Banks in Saudi Arabia will maintain high deposit levels and enjoy strong liquidity despite the current environment, S&P said in a report on Sunday.
The global ratings agency also sees economic risk in the kingdom as stable despite a budget deficit and public debt accumulated over the past years.
“We think the country still has sufficient fiscal and external buffers to weather periods of low oil prices… We expect banks will maintain high levels of core deposits in their funding bases and their strong liquidity metrics will remain intact,” S&P said.
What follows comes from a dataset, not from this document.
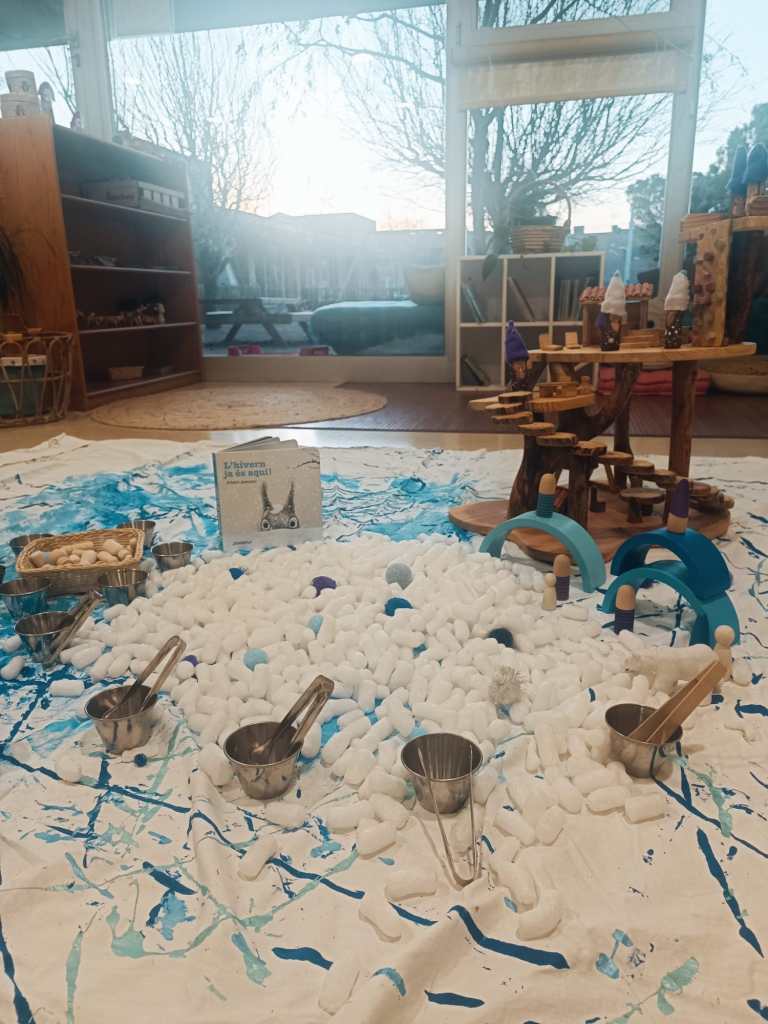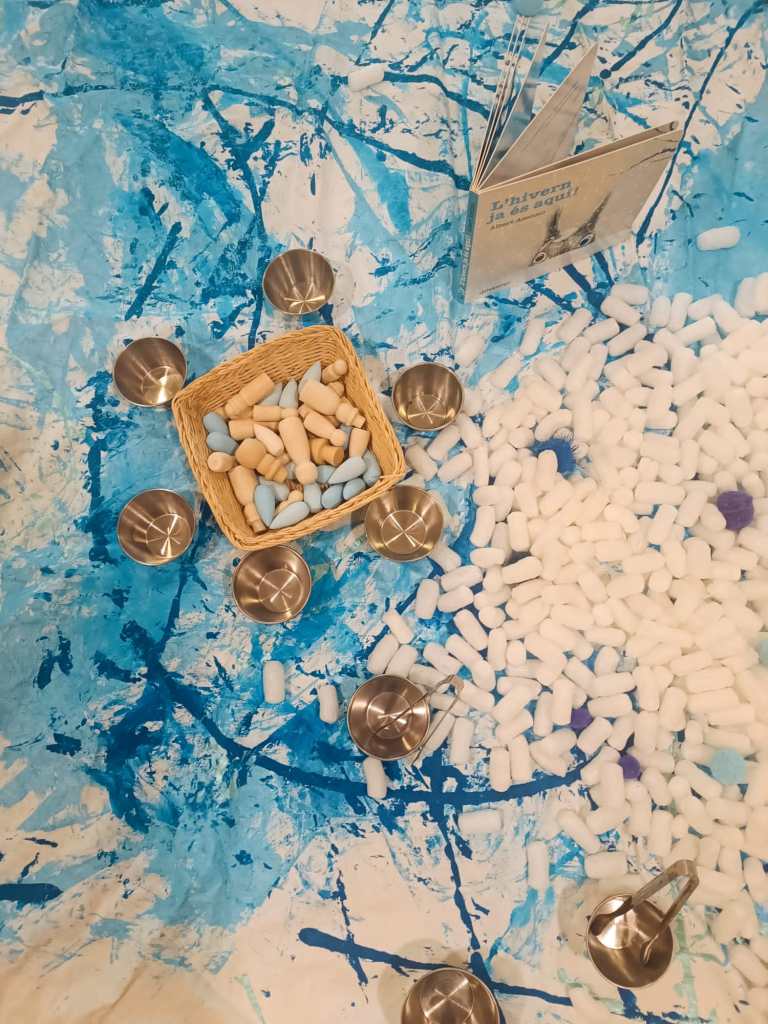 Les entrades a I2 moltes vegades estàn plenes d’energia, van arribant infants a les aules, però alhora també hem d’atendre a les famílies… Preparar una proposta diferent, permet que els infants tinguin interès i sorpresa per allò que veuen, posant l’atenció en aquest espai i materials. Això ens permet aconseguir més calma a l’aula durant aquesta estona d’entrada als matins.

Saudi’s banking sector is classified as A-/Stable/A-2 and belongs to group ‘4’ under S&P’s Banking Industry Country Risk Assessment (BICRA). Other countries in the same group include Ireland, Kuwait, Malaysia, New Zealand, Poland, Slovenia, Spain and Taiwan.
The kingdom’s banking sector is experiencing an “expansionary phase” after posting low growth for years, according to S&P.
Low oil, property prices
However, it said that the current growth of mortgage portfolios and increasing leverage are being offset by low prices in the property market and a “developing legal framework”.
“Although we expect the lower-for-longer interest rate environment will put pressure on banks’ margins, it should remain high and allow banks to continue to outperform their regional peers in terms of profitability,” S&P said.
It said the banking sector’s strengths include strong funding profile dominated by deposits, protected customer franchise, as well as material yet gradually eroding fiscal buffers that enable the state to survive low oil prices.